• _SUPPLIED DATA_:
Start of Block

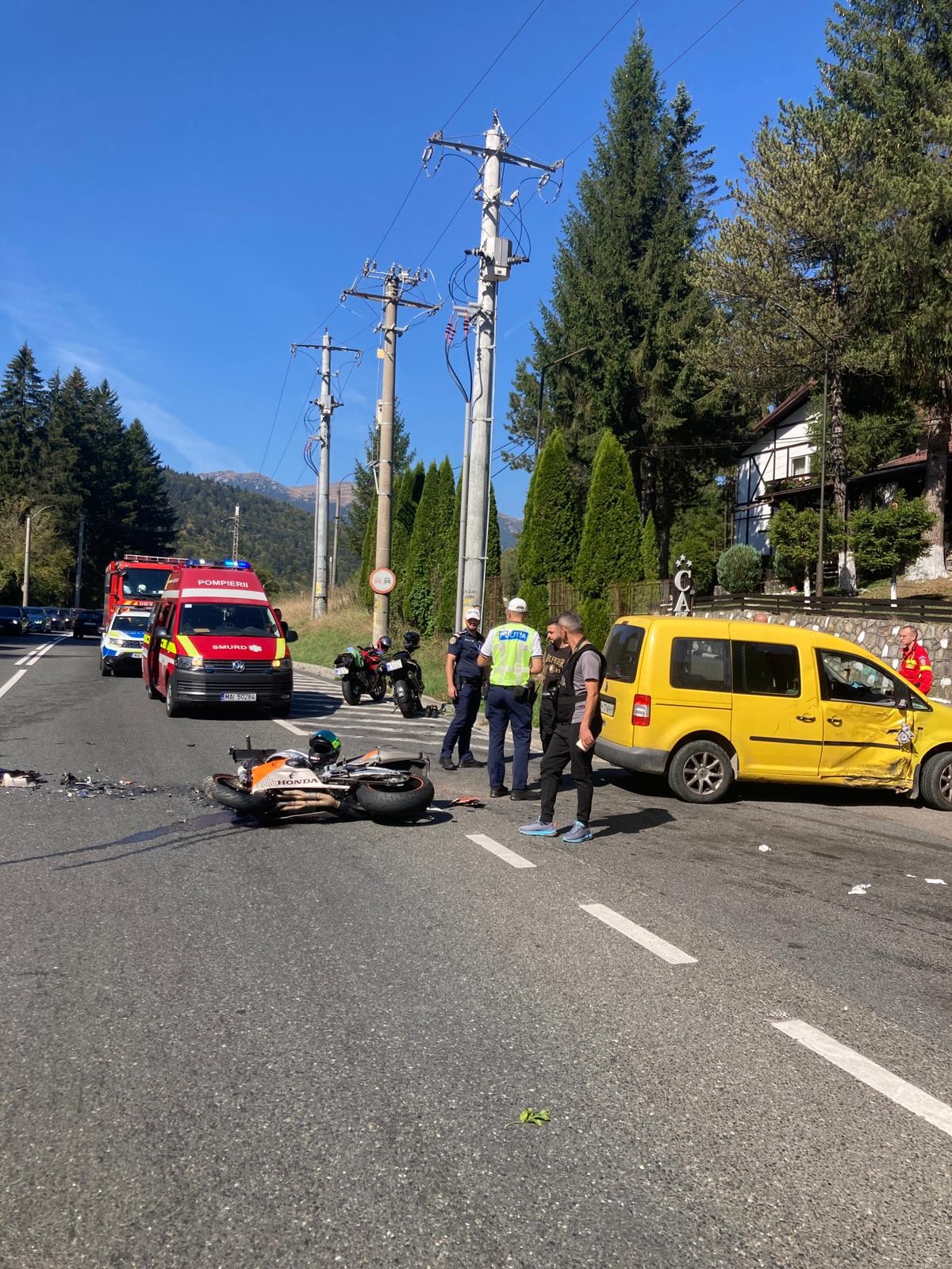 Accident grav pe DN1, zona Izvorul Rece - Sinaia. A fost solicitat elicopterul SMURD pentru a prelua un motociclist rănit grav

End of Block
Start of Block

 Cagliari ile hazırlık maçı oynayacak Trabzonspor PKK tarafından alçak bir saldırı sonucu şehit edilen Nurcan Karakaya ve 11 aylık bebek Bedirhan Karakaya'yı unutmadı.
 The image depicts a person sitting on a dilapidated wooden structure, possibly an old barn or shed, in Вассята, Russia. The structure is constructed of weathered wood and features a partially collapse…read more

End of Block

• _EXERCISE DETAILS_:
Of all the entries above, repeat only the lines from the line that has "Cagliari ile hazırlık" to the line that has "The image depicts", both lines included, exactly.

• _OUTPUT OF THE TASK_:
 Cagliari ile hazırlık maçı oynayacak Trabzonspor PKK tarafından alçak bir saldırı sonucu şehit edilen Nurcan Karakaya ve 11 aylık bebek Bedirhan Karakaya'yı unutmadı.
 The image depicts a person sitting on a dilapidated wooden structure, possibly an old barn or shed, in Вассята, Russia. The structure is constructed of weathered wood and features a partially collapse…read more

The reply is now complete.